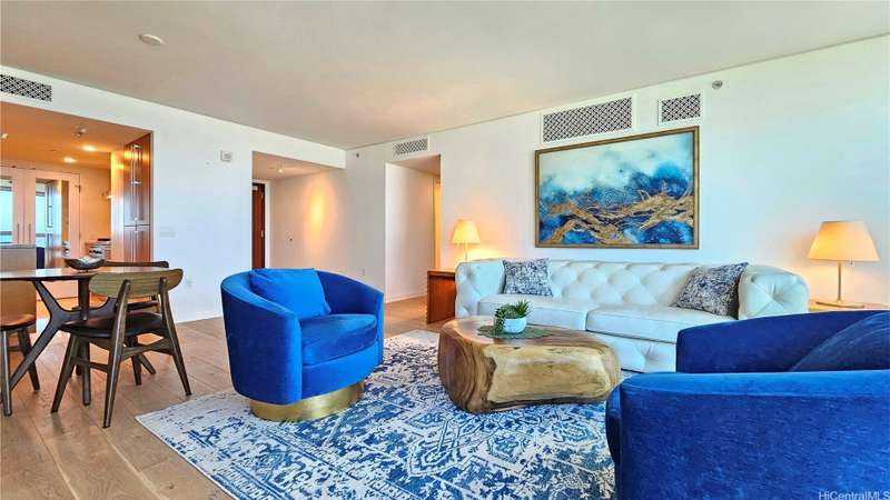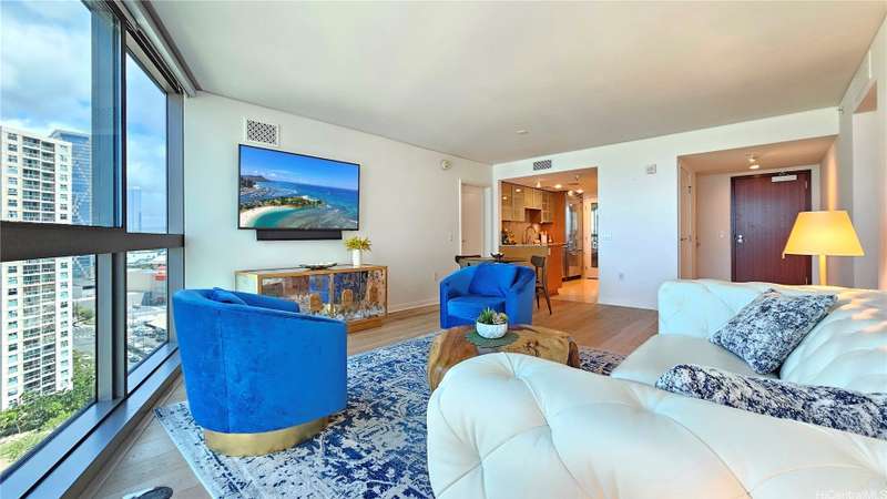 Located in the heart of Honolulu, this move-in ready, furnished residence offers ultimate convenience—just steps from shopping, popular restaurants, and entertainment. Enjoy easy access to everything you need in a luxury building with resort-style amenities. Inside, you'll find engineered oak flooring in the living area, Viking appliances including a gas stove, and automactic shades for added comfort. The unit also comes with two covered parking stalls. Clean, stylish, and well-maintained—urban living at its finest.
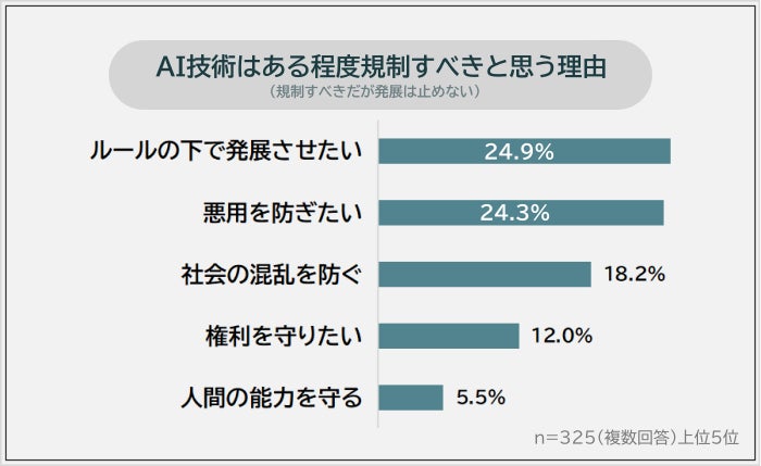 ある程度規制すべき(規制すべきだが発展は止めない)と回答した325名に理由を尋ねたところ、1位は「ルールの下で発展させたい(24.9%)」でした。僅差で2位は「悪用を防ぎたい(24.3%)」という結果になっています。
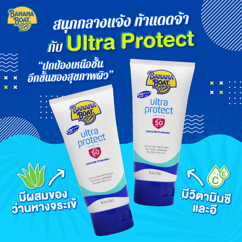 Banana Boat Ultra Protect Sunscreen Lotion SPF 50 PA+++ 90mlโลชั่นกันแดดสำหรับปกป้องผิวที่ใช้ได้เป็นประจำทุกวัน เนื้อครีมบางเบา ซึมซาบเร็ว ไม่อุดตันรูขุมขน มีส่วนผสมของว่านหางจระเข้ มีวิตามินซีและอี ช่วยให้ผิวเนียนนุ่มชุ่มชื่น ช่วยปกป้องผิวจากการเผาไหม้ของแสงแดดถึง 50 เท่า ทั้งรังสี UVA และ UVB ซึ่งเป็นสาเหตุของริ้วรอยและผิวหนัง พร้อมกันน้ำดีเยี่ยม คงประสิทธิภาพในการกันแดดได้ยาวนานกว่าBanana Boat Sport Ultra Sunscreen LotionSPF50+ PA++++90mlโลชั่นกันแดดสำหรับกีฬาทุกชนิด เนื้อครีมบางเบา ไม่เหนียวเหนอะหนะ ซึมซาบเร็ว ไม่อุดตันรูขุมขน ช่วยปกป้องผิวจากการเผาไหม้ของแสงแดดได้มากกว่า 50 เท่า พร้อมปกป้องทั้งรังสียูวีเอและยูวีบี กันแดดได้ยาวนาน กันน้ำได้ดีเยี่ยม
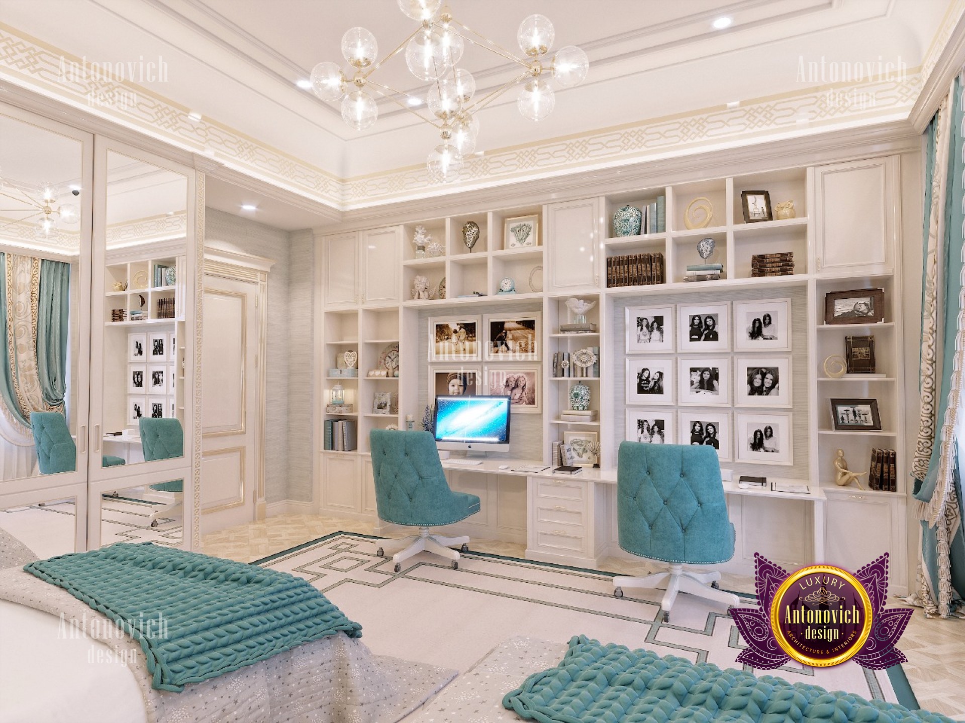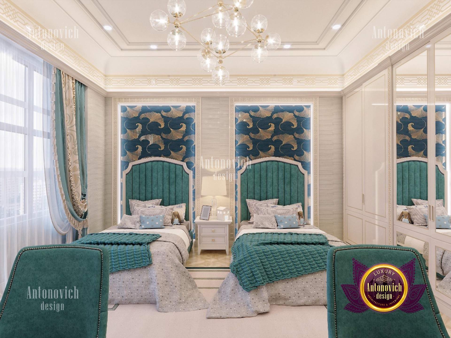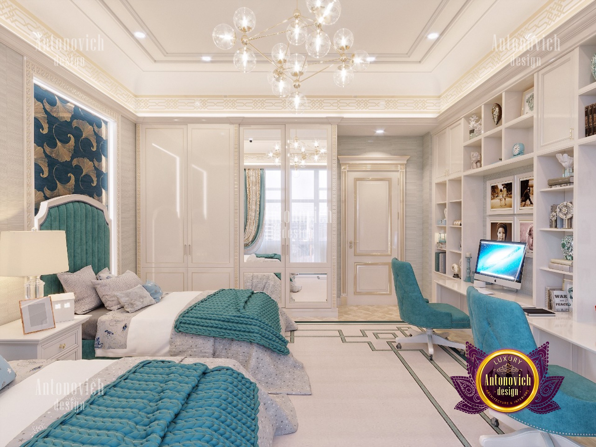Art plays a huge role in the completion of this luxury apartment bedroom. The beautiful wall decor in the cool and interesting pattern is one of the main focal points of the stunning bedroom. Its beautiful design is paired with equally beautiful turquoise beds. Along with it are two office chairs perfect for two kids as a study area. The cute yet luxurious ambiance of the room is made for kids to be productive in their studies while enjoying life to the fullest.
——
• [YOUR GOAL] Exactly the lines from the one containing "Banana Boat Ultra" through the last line of the material above, both included and free of pictures, should make up your answer, please.

• [TASK ANSWER]
 Banana Boat Ultra Protect Sunscreen Lotion SPF 50 PA+++ 90mlโลชั่นกันแดดสำหรับปกป้องผิวที่ใช้ได้เป็นประจำทุกวัน เนื้อครีมบางเบา ซึมซาบเร็ว ไม่อุดตันรูขุมขน มีส่วนผสมของว่านหางจระเข้ มีวิตามินซีและอี ช่วยให้ผิวเนียนนุ่มชุ่มชื่น ช่วยปกป้องผิวจากการเผาไหม้ของแสงแดดถึง 50 เท่า ทั้งรังสี UVA และ UVB ซึ่งเป็นสาเหตุของริ้วรอยและผิวหนัง พร้อมกันน้ำดีเยี่ยม คงประสิทธิภาพในการกันแดดได้ยาวนานกว่าBanana Boat Sport Ultra Sunscreen LotionSPF50+ PA++++90mlโลชั่นกันแดดสำหรับกีฬาทุกชนิด เนื้อครีมบางเบา ไม่เหนียวเหนอะหนะ ซึมซาบเร็ว ไม่อุดตันรูขุมขน ช่วยปกป้องผิวจากการเผาไหม้ของแสงแดดได้มากกว่า 50 เท่า พร้อมปกป้องทั้งรังสียูวีเอและยูวีบี กันแดดได้ยาวนาน กันน้ำได้ดีเยี่ยม
Art plays a huge role in the completion of this luxury apartment bedroom. The beautiful wall decor in the cool and interesting pattern is one of the main focal points of the stunning bedroom. Its beautiful design is paired with equally beautiful turquoise beds. Along with it are two office chairs perfect for two kids as a study area. The cute yet luxurious ambiance of the room is made for kids to be productive in their studies while enjoying life to the fullest.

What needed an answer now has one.